Keshav Pingali ( pingali@cs.cornell.edu) Rhodes 457
Paul Stodghill (stodghil@cs.cornell.edu) Rhodes 496

Time:

Tuesdays & Thursdays, 1:25 - 2:40 PM, 307 Phillips

Prerequisites:

Some experience with parallel programming is desirable but not essential.

Course material:

The lecture schedule is here.

The list of papers will be placed here.

Course project descriptions are here.

The final project reports are here.

Course content:

Computational power on the scale of teraflops is now available to most programmers, thanks to fast processors and large-scale parallelism. Nevertheless, many applications programs must run for days, months or even continuously to accomplish their goals. Such programs must not only exploit the performance potential of parallel hardware but must also be resilient to hardware and software failures. Although there is a lot of work on fault-tolerant software, most of this work has been done in the context of distributed systems where one assumes that nothing is known about the applications program.

In this course, the problem of making software resilient to hardware faults will be studied from a programming languages perspective. What kinds of hardware faults should software be resilient to? What does it take to make software resilient to these faults? What difference does it make if we can analyze programs before they are run? Can we generate customized protocols that are more efficient than the general-purpose protocols in the distributed computing literature? How much of this can be automated? We will address these and related questions with the goal of identifying problems for thesis research.

Course work:

Students will be expected to read and present papers from the literature, and to do a substantial final project.
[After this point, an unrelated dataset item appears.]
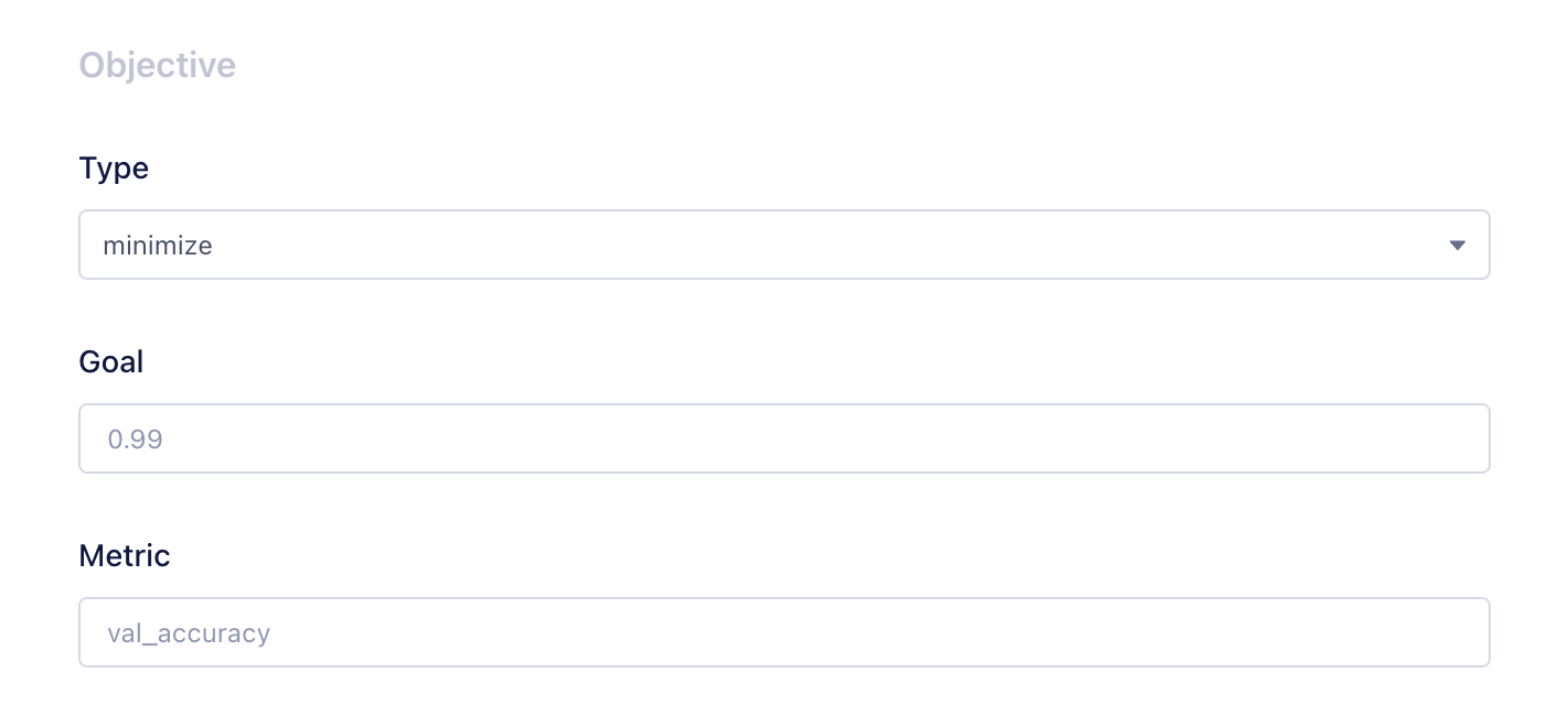 Specify the objective metric that you want to optimize. You can set either to maximize or minimize your target value.- Maximize val_accuracy

Topics covered in the course:

Basics
- Distributed-memory model, MPI
- Shared-memory model, OpenMP
- Event-ordering and causality in distributed systems
- Failure models: fail-stop and Byzantine failures
Check-pointing:
- Uniprocessor protocols: incremental check-pointing, compression
- Un-coordinated parallel check-pointing: protocols, roll-back problem, garbage collection of saved states
- Blocking, co-ordinated parallel check-pointing: application-level, and system-level protocols
- Non-blocking, co-ordinated parallel check-pointing: protocols for taking distributed snapshots
- Program analysis for optimizing check-pointing protocols
Message-logging:
- Optimistic logging
- Pessimistic logging
- Causal logging
- Program analysis for optimizing message-logging protocols
Byzantine failures:
- Self-checking programs
- Automatic generation of self-checking numerical programs
Replay/reversible computing:
- Debugging distributed-memory programs: logging and replay
- Reversible programs: program transformations for making programs reversible
Systems case studies:
- Netsolve
- Globus
- Seti@Home
- Apache JServ